Ugandan lesbian, Claire, seeking
asylum in the UK, speaks of the difficulty of getting through the system. She
notes at the end of her talk that without the help of the Lesbian and Gay
Immigration Group she wouldn’t have survived. She says, “I would now be dead –
either at the hands of those I’d been returned to in Uganda, or, more likely,
at my own hand because I could no longer keep fighting and I didn’t know how
to, could no longer stand the pain and fear or could not bear to be sent back
to a slow and cruel death” (Townley 2005). Claire is now fighting to get asylum
for her lesbian partner who helped her escape. Her girlfriend arrived a few
weeks after Claire, but Claire cannot find her and believes the traffickers
whom her girlfriend borrowed money from are either holding her hostage in debt
prostitution or she is, perhaps, already dead.
It’s unusual for lesbian couples to be accepted as refugees.
An exception is the case of two lesbians from Mexico accepted as refugees by
Canada in 2001. They were admitted on grounds of belonging to a particular
social group: lesbian partners who are victims of domestic violence. One woman
testified that two men attacked them in 1998 while visiting a relative. The
husband, after learning about their lesbian relationship took away her child.
In 1999, they were “beaten, confined and sexually assaulted by Mexican police,
hired by the ex-husband.” (Godfrey 2001) <http://www.gaylawnet.com/news/2001/im010712.htm#gay_men>[4]
False medical diagnoses
Equating lesbian existence with
psychiatric disorders is not new. It is a particular way in which families deal
with unruly young women. Alla Pitcherskaia, a lesbian from Russia, was charged
with the crime of “hooliganism” (Crimes
of Hate 2001: 20).

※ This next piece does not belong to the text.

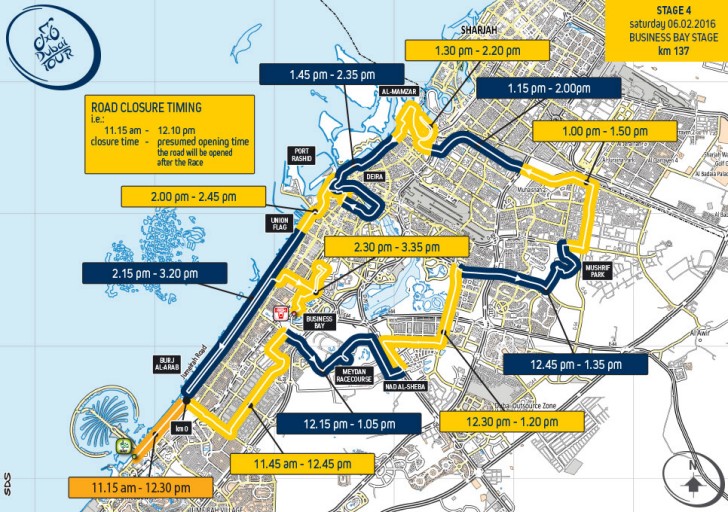Dubai Tour 2016 Route stage 4: Dubai Marine Club – Burj Khalifa

Long-term forced
institutionalisation can be the ultimate result for many young women,[5]
and as in Alla Pitcherskaia’s case, her girlfriend was also “forcibly held in a
psychiatric institution” (Crimes of Hate
2001: 20). Alla Pitcherskaia’s crime consisted of continuing to work with a
lesbian youth organisation. Alla Pitcherskaia fled to the USA after threats to her
liberty because of her alleged “hooliganism” and her activism, lodged an
application for asylum. Initially it was rejected because “they claimed the
motive for the forced institutionalization was the desire to ‘treat” or ‘cure’
and not to punish and therefore was not ‘persecution’ (Crimes of Hate 2001: 19).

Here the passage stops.